=== TASK BRIEF ===
From the material below, return exactly the lines starting at the one that holds "Breakfast is always" and ending at the one that holds "庇のような羽が周辺環境とそれぞれを繋ぐ住宅。". Pictures stay out of the answer.

=== RECORDS SUPPLIED ===
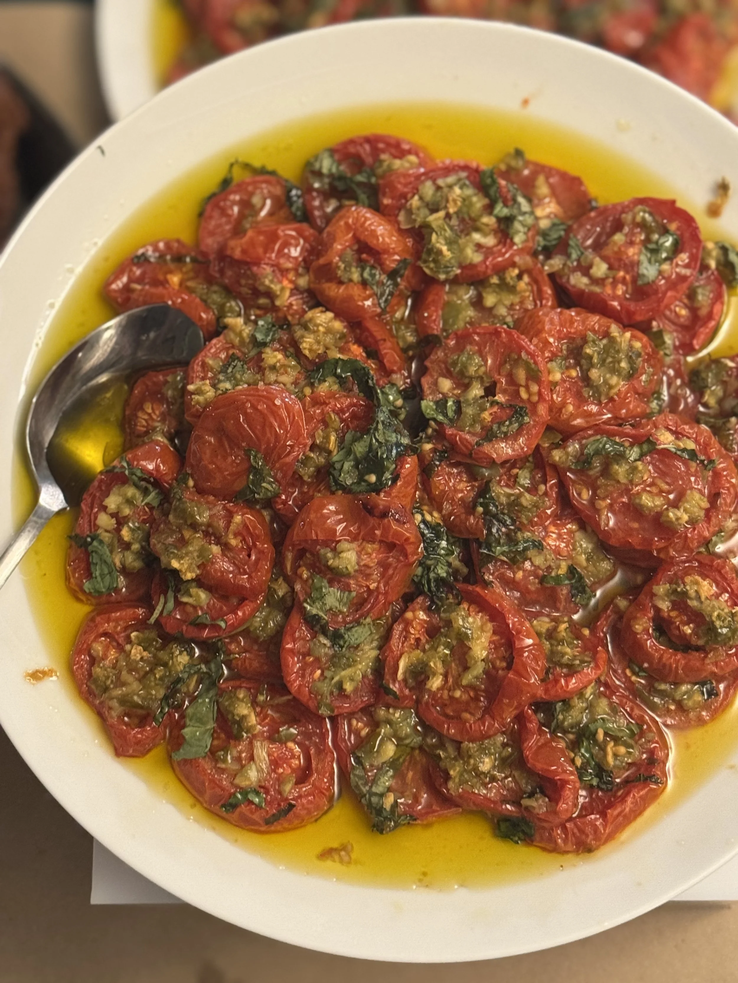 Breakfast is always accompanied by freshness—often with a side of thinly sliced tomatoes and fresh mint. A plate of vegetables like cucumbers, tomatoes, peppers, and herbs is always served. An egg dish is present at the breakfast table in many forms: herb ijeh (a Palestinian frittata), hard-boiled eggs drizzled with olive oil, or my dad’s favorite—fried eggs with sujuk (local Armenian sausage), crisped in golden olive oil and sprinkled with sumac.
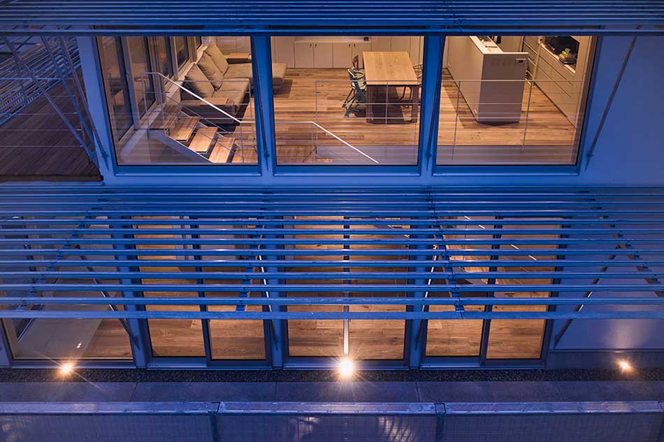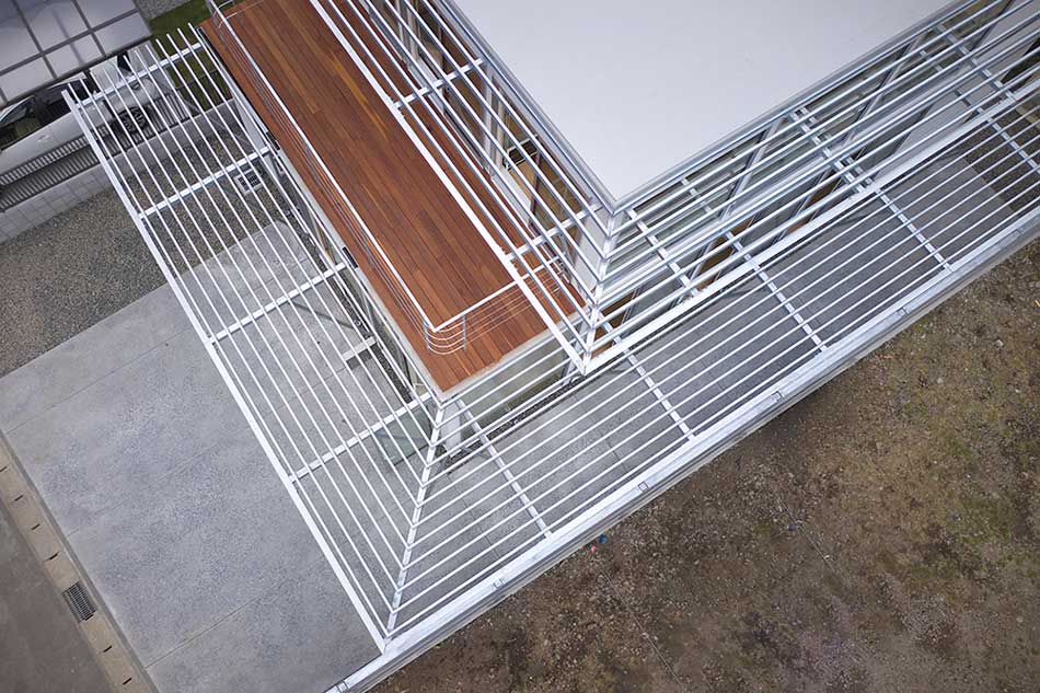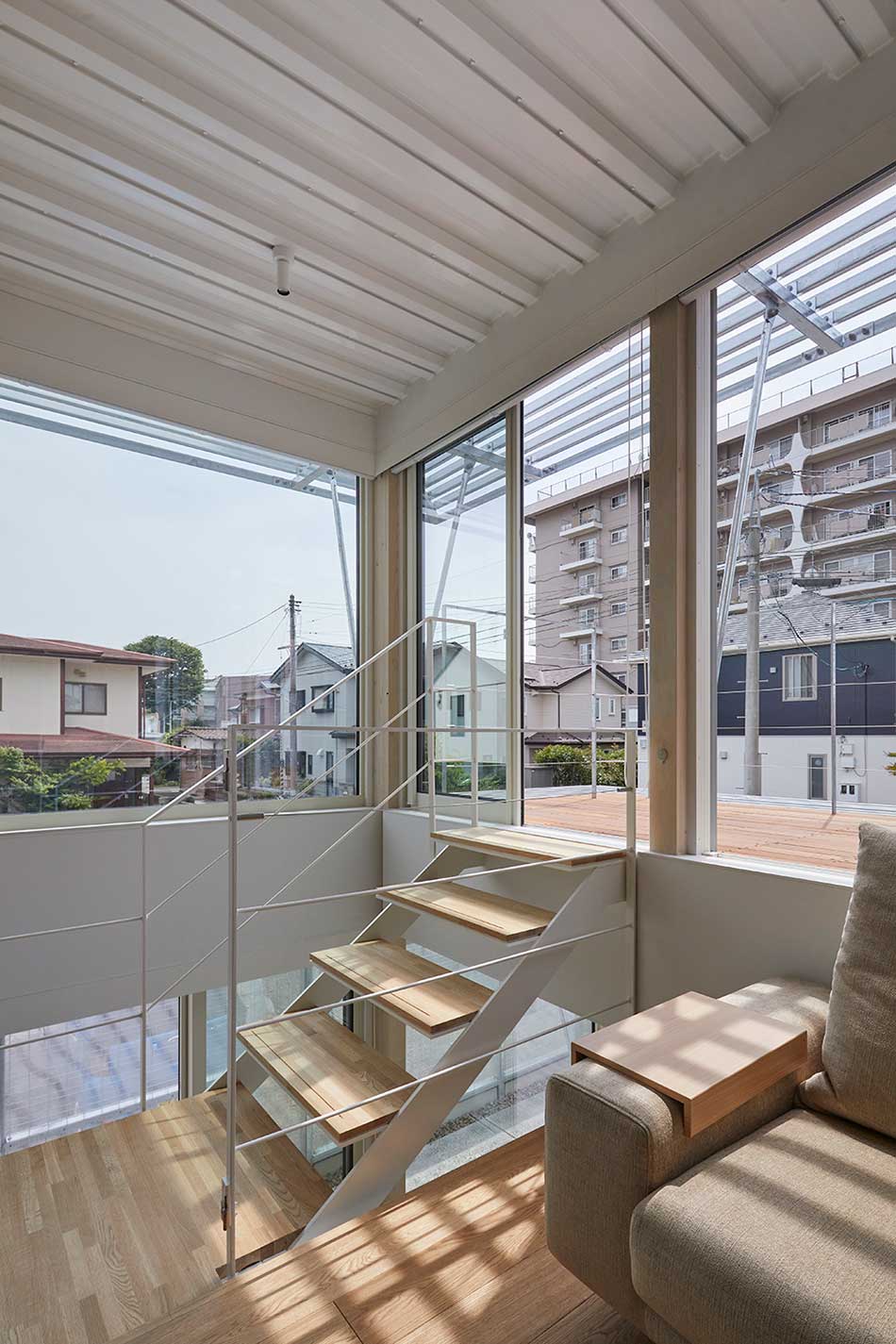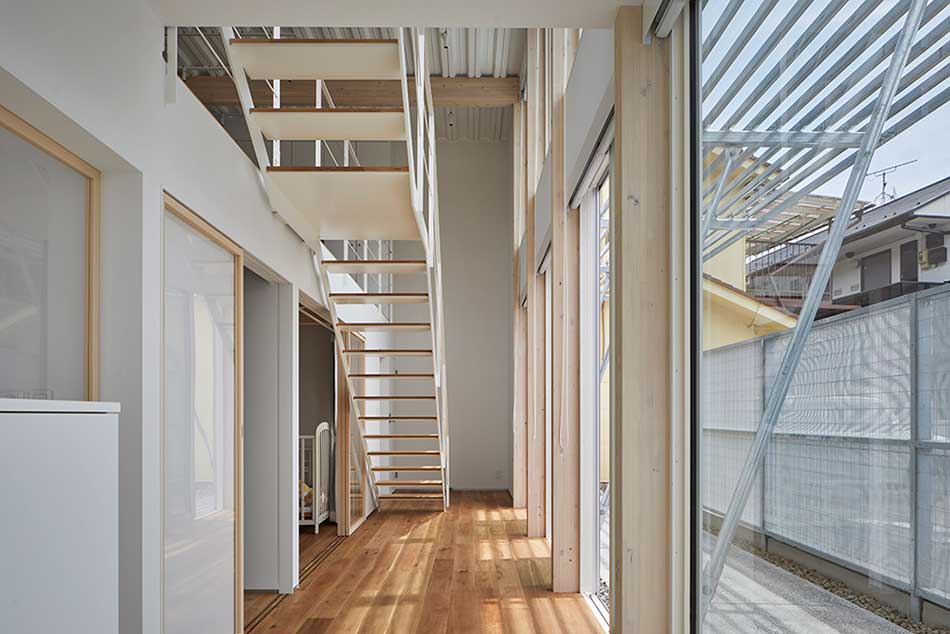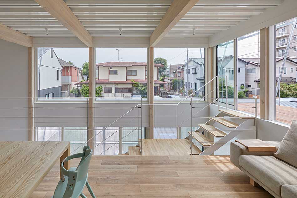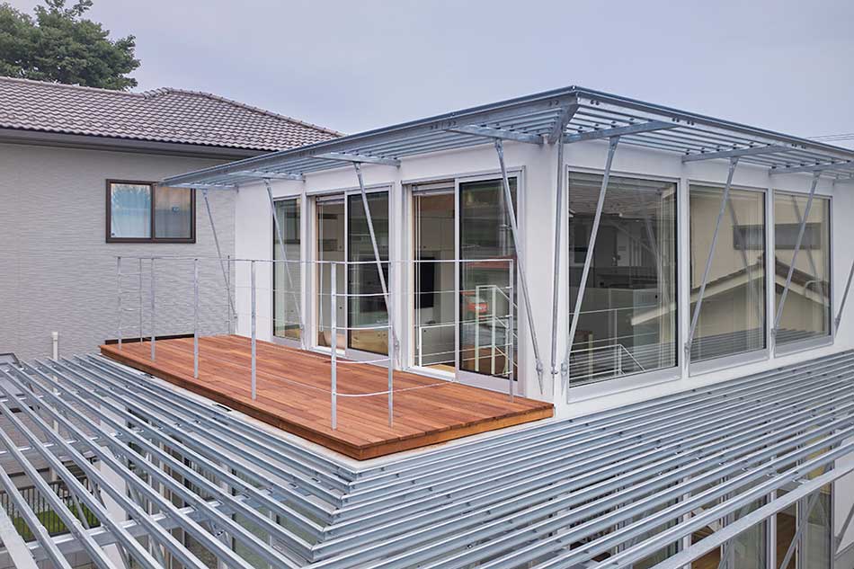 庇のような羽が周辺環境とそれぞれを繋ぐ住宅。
* * *
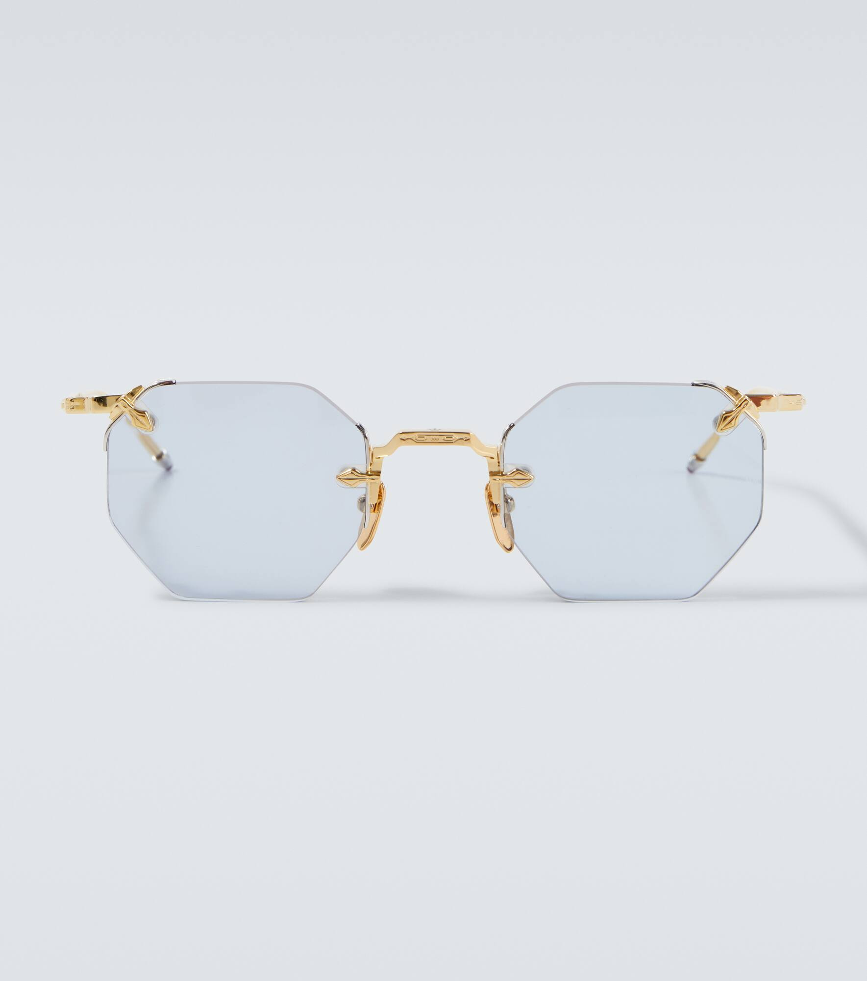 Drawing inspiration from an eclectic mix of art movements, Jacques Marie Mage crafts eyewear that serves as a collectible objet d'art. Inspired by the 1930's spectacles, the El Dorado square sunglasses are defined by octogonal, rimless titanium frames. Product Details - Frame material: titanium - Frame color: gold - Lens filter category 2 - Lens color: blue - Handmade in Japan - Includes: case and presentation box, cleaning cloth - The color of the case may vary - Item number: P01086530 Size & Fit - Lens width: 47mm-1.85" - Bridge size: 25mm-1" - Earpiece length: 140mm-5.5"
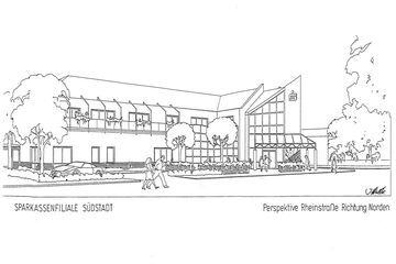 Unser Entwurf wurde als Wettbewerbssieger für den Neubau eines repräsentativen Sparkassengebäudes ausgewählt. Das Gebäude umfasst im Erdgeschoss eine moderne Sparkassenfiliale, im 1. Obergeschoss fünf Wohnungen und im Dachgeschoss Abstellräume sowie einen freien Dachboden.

=== RESULT OF THE TASK ===
 Breakfast is always accompanied by freshness—often with a side of thinly sliced tomatoes and fresh mint. A plate of vegetables like cucumbers, tomatoes, peppers, and herbs is always served. An egg dish is present at the breakfast table in many forms: herb ijeh (a Palestinian frittata), hard-boiled eggs drizzled with olive oil, or my dad’s favorite—fried eggs with sujuk (local Armenian sausage), crisped in golden olive oil and sprinkled with sumac.
 庇のような羽が周辺環境とそれぞれを繋ぐ住宅。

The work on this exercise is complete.